- **Brief**: Tell me how many lines in the data include "turns", and keep the reply to that number.

- **Exercise input**:
-*-*-
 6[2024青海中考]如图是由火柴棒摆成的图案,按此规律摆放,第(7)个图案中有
-*-*-
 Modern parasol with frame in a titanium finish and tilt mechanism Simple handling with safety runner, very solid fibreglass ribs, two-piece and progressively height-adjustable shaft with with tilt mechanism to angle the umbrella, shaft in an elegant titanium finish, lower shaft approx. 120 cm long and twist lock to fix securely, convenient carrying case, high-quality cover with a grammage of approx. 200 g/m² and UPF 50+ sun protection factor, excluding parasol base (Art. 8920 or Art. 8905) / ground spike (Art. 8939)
-*-*-
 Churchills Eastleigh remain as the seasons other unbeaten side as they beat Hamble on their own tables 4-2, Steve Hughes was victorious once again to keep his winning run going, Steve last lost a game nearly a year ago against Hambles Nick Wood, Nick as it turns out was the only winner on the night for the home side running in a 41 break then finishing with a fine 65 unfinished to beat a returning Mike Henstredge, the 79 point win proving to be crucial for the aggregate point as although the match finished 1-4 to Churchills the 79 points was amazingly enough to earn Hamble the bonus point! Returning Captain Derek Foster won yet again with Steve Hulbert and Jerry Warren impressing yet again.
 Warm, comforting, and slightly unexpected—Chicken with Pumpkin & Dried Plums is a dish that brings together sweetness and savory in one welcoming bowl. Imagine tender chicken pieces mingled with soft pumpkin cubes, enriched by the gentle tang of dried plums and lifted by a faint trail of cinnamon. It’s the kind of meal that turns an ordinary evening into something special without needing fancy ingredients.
-*-*-
- **The answer**: 2